Would you reproduce the data below exactly, please, leaving out its images?

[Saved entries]
========================================

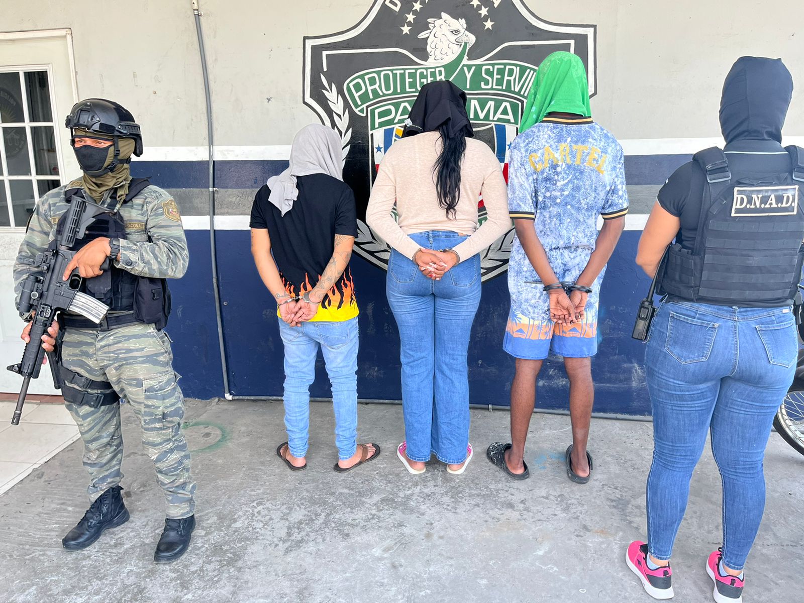La Policía Nacional a través de la Dirección Nacional Antidrogas y el Ministerio Público mediante diligencia de allanamiento aprehende a cinco personas entre ellas dos menores de edad, quienes mantenían en su poder cierta cantidad de presunta sustancia ilícita, pesa digital entre otros artículos, dijo el Comisionado José Ríos, Jefe de la Zona Policial de Pacora.
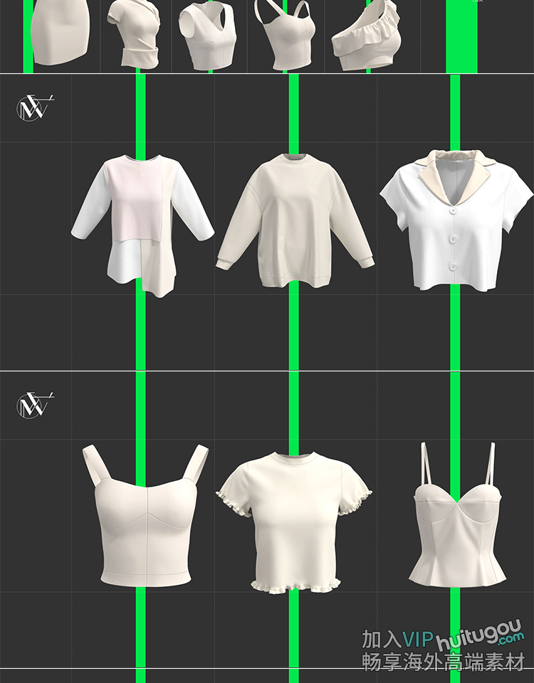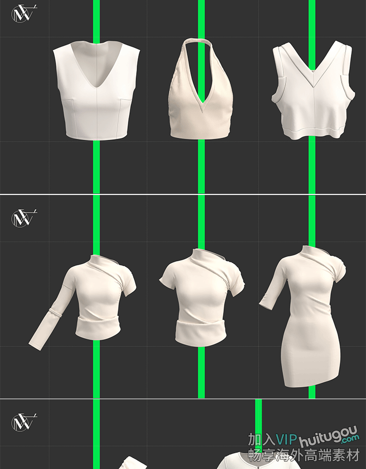 CLO3D建模素材MD服装纸样5款女式上衣肚兜吊带衣服工程ZPRJ源文件
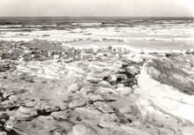Formaat : 6 x 10 cm. - Vaart uit een bevroren havengeul
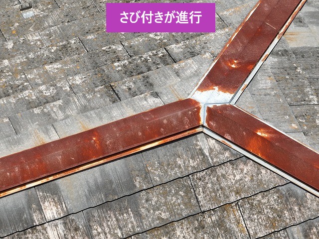 さらに、棟板金を確認すると、さび付きがかなり進行していました。
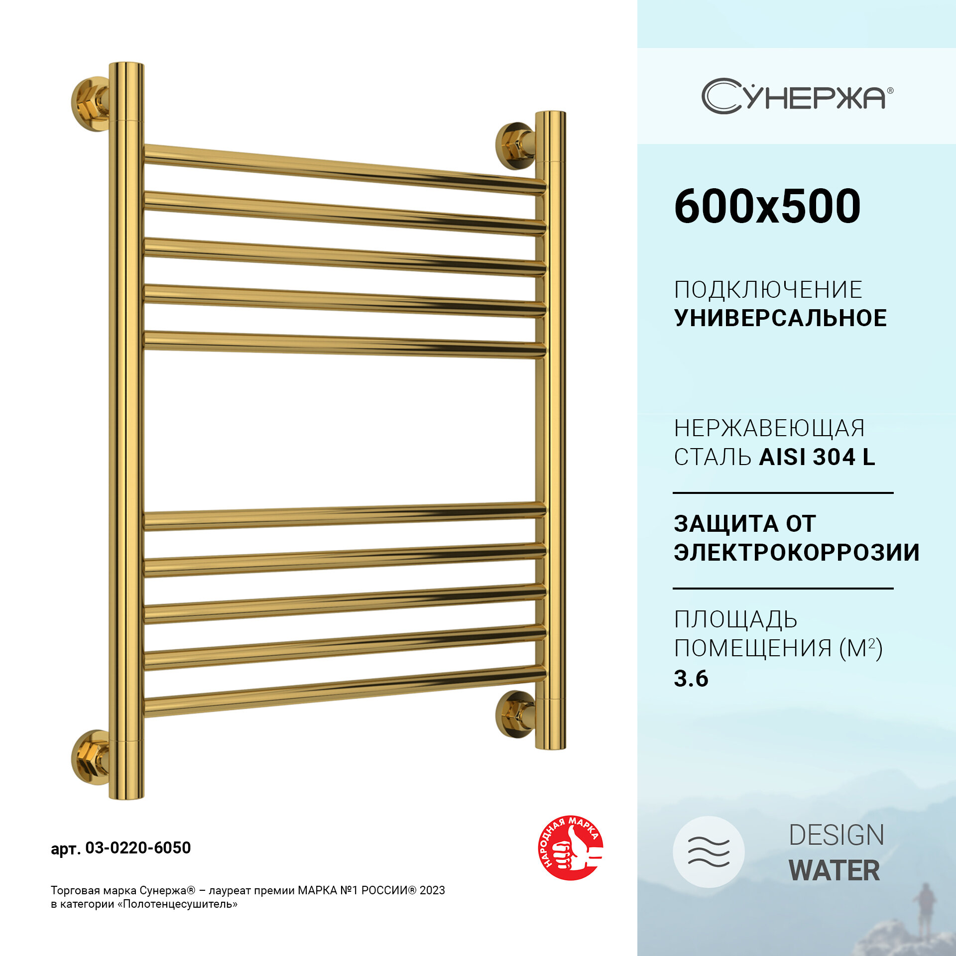 Купить Водяной полотенцесушитель Сунержа Богема+ прямая 600x500 золото

========================================

**Response area:**
La Policía Nacional a través de la Dirección Nacional Antidrogas y el Ministerio Público mediante diligencia de allanamiento aprehende a cinco personas entre ellas dos menores de edad, quienes mantenían en su poder cierta cantidad de presunta sustancia ilícita, pesa digital entre otros artículos, dijo el Comisionado José Ríos, Jefe de la Zona Policial de Pacora.
 CLO3D建模素材MD服装纸样5款女式上衣肚兜吊带衣服工程ZPRJ源文件
Formaat : 6 x 10 cm. - Vaart uit een bevroren havengeul
 さらに、棟板金を確認すると、さび付きがかなり進行していました。
 Купить Водяной полотенцесушитель Сунержа Богема+ прямая 600x500 золото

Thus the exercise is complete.